Why cultivating agency matters more than cultivating skills in the AI era | Max Schoening (Head of Product, Notion)

with Max Schoening, Head of Product at Notion
3 May 2026 15 min read 1h 22m

Agency—the belief that you can change things and aren't limited by your current skillset—matters far more than any individual skill in the AI era. As AI handles the first 10% of projects for free, success depends on people who tinker, make things, and understand they work in a malleable world rather than those who stay rigidly within defined roles.

Max Schoening
“Before it was very easy to always say, well, I will never be able to do this because insert skill issue. We're realizing that even if you have the skills at your fingertips, the thing that matters is agency.

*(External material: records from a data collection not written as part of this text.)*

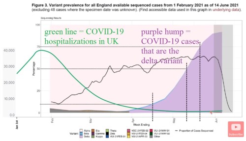 The first and foremost thing everyone needs to understand is that the delta variant is more contagious, but less deadly than the alpha version of the virus that came from Wuhan. In the graph below, you can see that, as the delta variant has taken over in the U.K., it has had no impact on hospitalizations.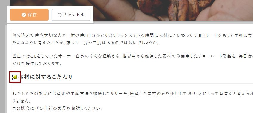フルエディタ編集の画面でアンカーを設置したい位置にカーソルを置きます。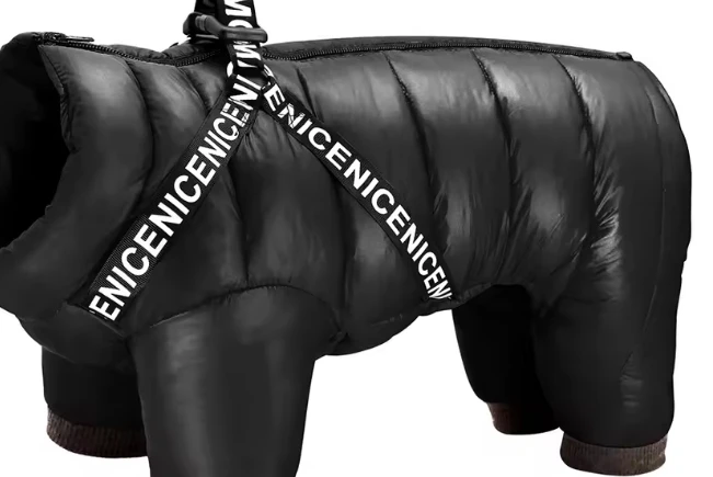 The creative design includes a back zipper for easy on and off and a harness belt for added control. The four-legged jumpsuit style ensures your dog stays warm from head to toe. The adjustable extended collar design prevents cold wind from getting inside the Super Warm Waterproof Dog Coat with Harness.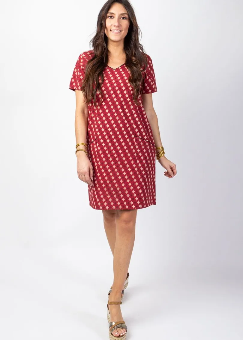 Shop Coton Du Monde Robe manches courtes en coton CLAUDIA motifs ethniques bordeaux Medina

I don't think agency is very evenly distributed in the world.”
Max explains why agency has become the differentiator in the AI era, replacing traditional skill-based excuses.
Max Schoening
“One day you wake up and you realize the world is made up by people no smarter than you. It just really awakens you to the idea that you can just change things.”
Max shares Steve Jobs' foundational insight about realizing the malleability of the world around you.
▶ 0:22
Max Schoening
“The first 10% of every project are now free. It takes almost no effort to now build the first version of a startup.”

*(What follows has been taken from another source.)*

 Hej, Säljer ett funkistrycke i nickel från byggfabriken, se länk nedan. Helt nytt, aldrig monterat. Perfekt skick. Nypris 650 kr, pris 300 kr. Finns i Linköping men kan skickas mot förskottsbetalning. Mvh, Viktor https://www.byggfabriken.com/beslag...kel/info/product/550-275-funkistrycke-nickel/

Max describes how AI has fundamentally shifted the economics of early-stage product development.
▶ 28:47
Max Schoening
“Taste actually means you're able to run a virtual machine in your head where given an idea, you can predict for a certain group whether they're going to like it or not. You just have to do reps. It's almost like training a model.”

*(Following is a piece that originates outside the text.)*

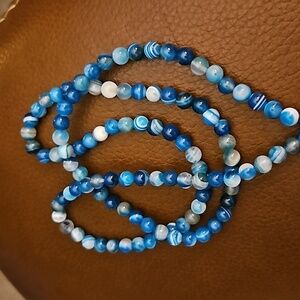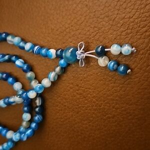 3/$30 Blue Agate Buddhist 108 Prayer Mala Stretchy Bracelet Necklace

Max explains how taste in product design is developed through repetition and pattern recognition, similar to training ML models.
▶ 0:40
Max Schoening
“Malleable software is the idea that software works closer to the interest of the people that use it than the interest of the corporation that makes it.”
Max defines malleable software as he explains why he believes users should have more control over how they customize their tools.
▶ 18:18
Max Schoening is Head of Product at Notion and one of the most thoughtful AI-forward product leaders in tech. Previously, he was a product manager at Google, led design at Heroku, and served as design leader and engineer at GitHub under Nat Friedman. He's also a two-time founder with deep expertise in how AI is reshaping product development, design systems, and the future of software.
1
Agency beats skill in the AI era As AI commoditizes the ability to execute, the differentiator becomes whether you believe you can shape your world rather than accept constraints. Success goes to people who tinker, make things, and experiment—not those who stay within rigid role definitions. Develop agency by building things, even small ones, which awakens you to the fact that change is possible.
2
The first 10% is now free, the last 90% unchanged AI has drastically lowered the cost of getting ideas into prototype form—you can now explore multiple directions cheaply. However, shipping a production product at scale remains deeply hard: quality, reliability, and scale still require the deep engineering that decades of iteration provide. Focus exploration speed on the hard problems, not the easy ones AI solves.
3
Designer and PM code for understanding, not production shipping The value of designers and PMs learning to code isn't about replacing engineers—it's about thinking in the actual medium they design with (agent loops, state management, etc.) rather than static mockups. This forces deeper interrogation of how systems actually work, improving design and product decisions, even if engineers rebuild it later.